(Source records)
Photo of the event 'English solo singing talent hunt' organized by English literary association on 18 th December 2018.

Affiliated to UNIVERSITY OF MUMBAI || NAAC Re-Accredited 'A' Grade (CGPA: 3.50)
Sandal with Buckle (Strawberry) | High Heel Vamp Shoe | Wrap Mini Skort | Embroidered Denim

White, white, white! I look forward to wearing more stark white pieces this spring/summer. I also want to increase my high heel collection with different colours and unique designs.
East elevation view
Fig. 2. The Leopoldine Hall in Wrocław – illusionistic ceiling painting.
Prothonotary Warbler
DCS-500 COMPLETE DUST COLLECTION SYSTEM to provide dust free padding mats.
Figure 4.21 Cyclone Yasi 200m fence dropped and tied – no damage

PROBLEM STATEMENT: Only the lines from the one containing "Prothonotary Warbler" through the last line of the records are to be set down, exactly as they appear.

RESPONSE FOR THIS EXERCISE:
Prothonotary Warbler
DCS-500 COMPLETE DUST COLLECTION SYSTEM to provide dust free padding mats.
Figure 4.21 Cyclone Yasi 200m fence dropped and tied – no damage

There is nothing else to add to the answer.